The anthology challenged prevailing literary conventions with its free verse forms, and the authors' advocacy of primitivism and "worship of life" in all its aspects caused a sensation. The young authors were influenced by poets such as Walt Whitman, Carl Sandburg, Langston Hughes, and Elmer Diktonius, and drew inspiration from futurism. With strong optimism for the future, they wrote about machines and physical labor, modern city life, jazz, and eroticism, which was something completely new in Swedish literature. Some critics dismissed them as "asphalt poets" and "sexual romantics."

With Lundkvist as the initiator and driving force behind the group and Asklund as the organizer, the authors appeared for a time as a group in various literary contexts, including radio readings. However, the group only remained together for a few years, as the authors soon went their separate ways.

It was mainly Lundkvist, Kjellgren, and Asklund who embraced the literary ideology, while Martinson and Sandgren were more independent from the outset and took a wait-and-see approach to parts of it. Gustav Sandgren, who with his romantic prose pieces in the anthology appeared to be perhaps the most divergent of the five, ultimately became the only one who remained committed to primitivism and the worship of life for a long time.
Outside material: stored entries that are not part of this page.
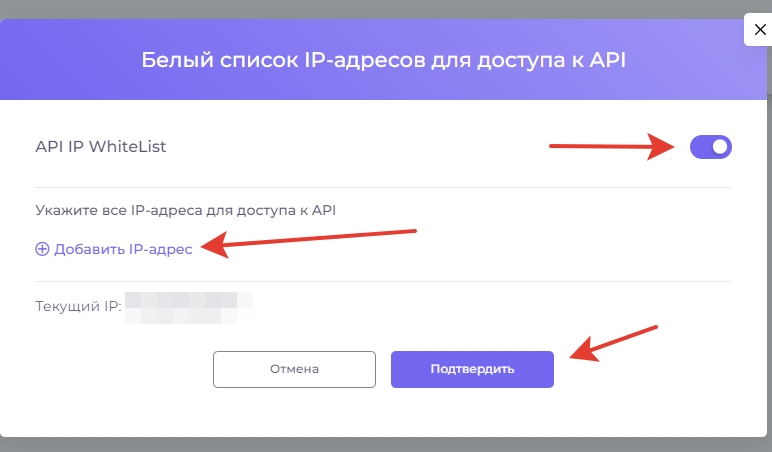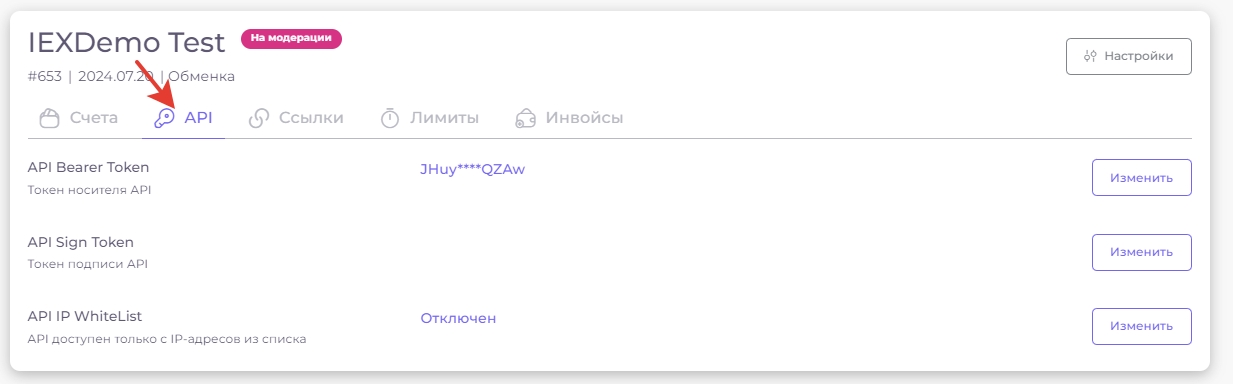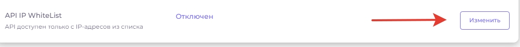 Для улучшения безопасности мерчанта, в разделе "API IP WhiteList" нажмите на "Изменить"
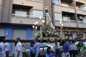 Hui, Dia de la Mare de Déu del Carme, s’ha celebrat la processó i missa amb eixida des del pati del convent i carrers adjacents. Posteriorment s'ha celebrat la santa missa, a la qual ha assistit part de la corporació municipal, encapçalada per l'alcalde, José Benlloch, al patí dels Carmelites.
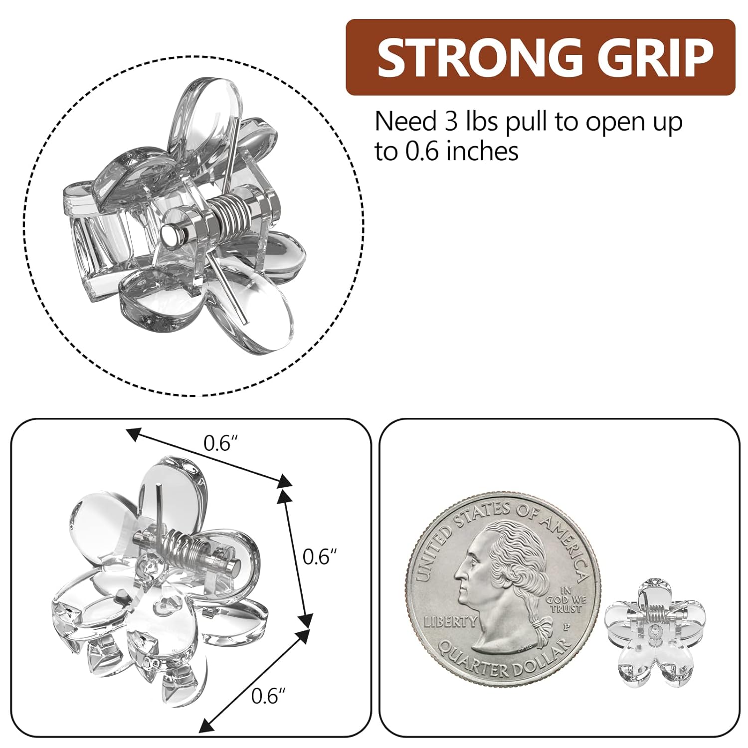 - Strong Grip Flower Hair Clip Small : Baby hair clip has strong spring and needs 3 lbs pull to open up to 0.6 inch. Small flower clips for hair can hold baby's hair in place no damage. Mini flower clips are optimal toddler hair clips for fine hair non slip
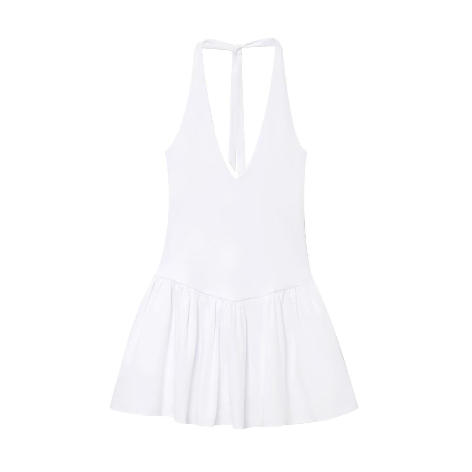 ZA Женское платье 2025 Весна Сексуальное облегающее однотонное платье с халтером Large белый
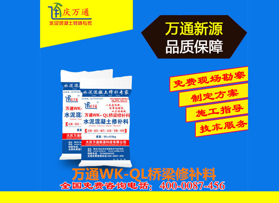 大慶萬(wàn)通新源科技有限公司獨(dú)有的混凝土路面高強(qiáng)速補(bǔ)料,是水泥混凝土路面病害修復(fù)的好材料。疲勞、凍融循環(huán)、彎曲壓力、滲水和基層破壞等原因都會(huì)引起水泥路面的破損,從而帶來(lái)高昂的維護(hù)費(fèi)用。與以往的剛性修補(bǔ)方法不同,混凝土水泥路面維修速補(bǔ)膠提供了一種獨(dú)特的柔性修補(bǔ)產(chǎn)品和技術(shù),高柔性、高抗拉性,可跨伸縮縫施工和高抗壓性使得混凝土快補(bǔ)產(chǎn)品為水泥混凝土路面提供了******性的修補(bǔ)。傳統(tǒng)的剛性修補(bǔ)方案,如環(huán)氧砂漿和快干水泥產(chǎn)品,由于其自身的粘結(jié)失效,抗疲勞性低以及與原路面不同的伸縮系數(shù),修補(bǔ)面會(huì)在短時(shí)間內(nèi)失效或產(chǎn)生新的裂縫,需要反復(fù)修補(bǔ),有效期短且費(fèi)用高昂。大慶萬(wàn)通新源科技有限公司的混凝土水泥路面維修速補(bǔ)膠可以隨原路面一起伸縮,移動(dòng),從而避免了粘結(jié)失效和產(chǎn)生新裂縫。萬(wàn)通快補(bǔ)產(chǎn)品優(yōu)異的粘結(jié)性、柔韌性和高防滑性,特別適用于水泥路面的淺層粘合修補(bǔ),多邊角混凝土板層修補(bǔ),跨伸縮縫修補(bǔ)以及路面沉陷修補(bǔ)。萬(wàn)通混凝土病害修補(bǔ)料針對(duì)混凝土起皮起沙、斷板裂縫、蜂窩麻面、坑槽露石子、漏筋掉皮、橋梁的掉皮漏筋快速通車(chē)使用時(shí)間長(zhǎng)。應(yīng)用萬(wàn)通快補(bǔ)產(chǎn)品,施工后一天就可以恢復(fù)交通。大慶萬(wàn)通新源科技有限公司的萬(wàn)通水泥路面維修速補(bǔ)膠適用于高速公路、機(jī)場(chǎng)路面、農(nóng)村村村通路面、廠坪、學(xué)校操場(chǎng)、市區(qū)公路、小區(qū)路面、橋梁、水泥路面的修補(bǔ)。使用萬(wàn)通特快補(bǔ)材料修補(bǔ)路面可以一勞永逸! 水泥地面起砂怎么辦,混凝土修補(bǔ)劑混凝土地面起砂,混凝土地面修補(bǔ),地面起砂怎么辦,
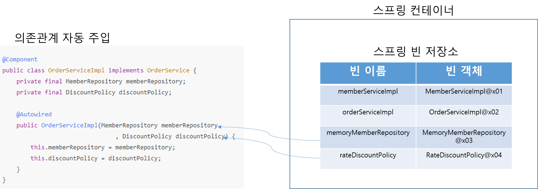 @Autowired // 이걸 생성자에 붙여주면 MemberRepository 타입에 맞는 빈을 알아서 의존성을 주입해준다.
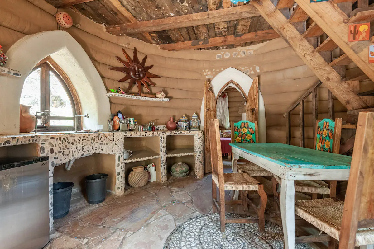 Esta cabaña sacada de un cuento duendesco nos remite al interior de un caracol. Casa Caracol es una cabaña de Superadobe conformada por dos domos. Desde sus terrazas podrás observar las estrellas, las formaciones milenarias de La Puerta, La Ventana, la cabeza de Quetzalcóatl, el cerro de Los Guardianes y el de La Mujer-Mariposa. Cuenta con baño completo, asador para carne, calentador de agua solar, cocineta, terraza interior y terraza exterior privadas. Ocho huéspedes, tres habitaciones (la primera con una cama King size, una cama individual y una hamaca; la segunda con una cama matrimonial y una cama individual; y la tercera con un sofá cama).
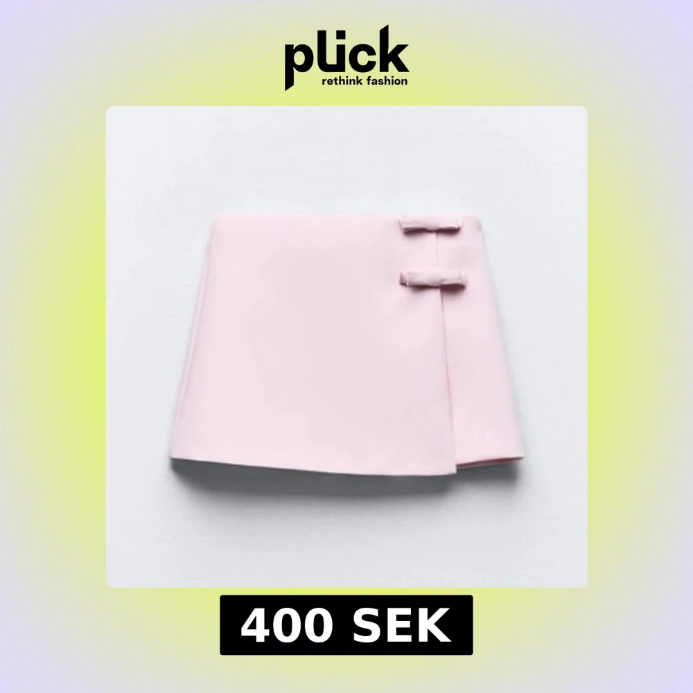 Söt rosa omlottkjol med dekorativa rosetter framtill. Har ett inbyggda shorts som man kan se på andra bilden vilket är baksidan! Helt ny med prislappen kvar💕
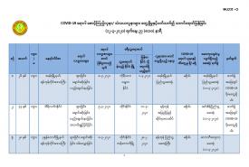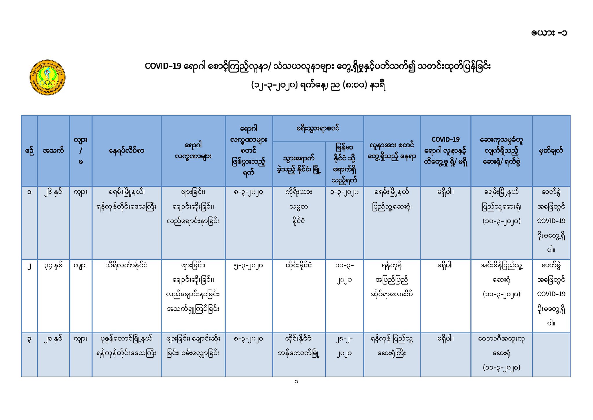 ၁။ ကျန်းမာရေးနှင့်အားကစားဝန်ကြီးဌာနသည် ကမ္ဘာ့နိုင်ငံများတွင် ကူးစက်ပျံ့နှံ့လျက်ရှိသည့် COVID-19 လတ်တလော အသက်ရှူလမ်းကြောင်းဆိုင်ရာ ရောဂါဖြစ်ပွားမှုဖြစ်စဉ်နှင့်ပတ်သက်၍ ရောဂါစောင့်ကြပ်ကြည့်ရှုခြင်း လုပ်ငန်းများအား အပြည်ပြည်ဆိုင်ရာ ဝင်ပေါက်၊ ထွက်ပေါက်ဂိတ် များတွင်လည်းကောင်း၊ ဆေးရုံအခြေပြုအဖြစ်လည်းကောင်း၊ ပြည်သူလူထုအခြေပြု စောင့်ကြပ် ကြည့်ရှုခြင်းလုပ်ငန်းများဖြင့်လည်းကောင်း၊ ပုဂ္ဂလိကဆေးရုံများနှင့် ပူးပေါင်း၍လည်းကောင်း ဆောင်ရွက်လျက်ရှိပါသည်။

==Publication and influence==

Fem unga was published in the fall of 1929 and was met with condescension by critics. Later, however, Fem unga was recognised as an important milestone in Swedish literary studies, as it paved the way for the breakthrough of working-class literature in the 1930s with names such as Vilhelm Moberg, Moa Martinson, Ivar Lo-Johansson, Jan Fridegård, Folke Fridell and others, as well as modernist poets such as Erik Lindegren.

In 1931, members of the circle around Fem unga made the short film Gamla stan, a depiction of Stockholm's Gamla Stan, which stands out for its oblique angles and montage technique.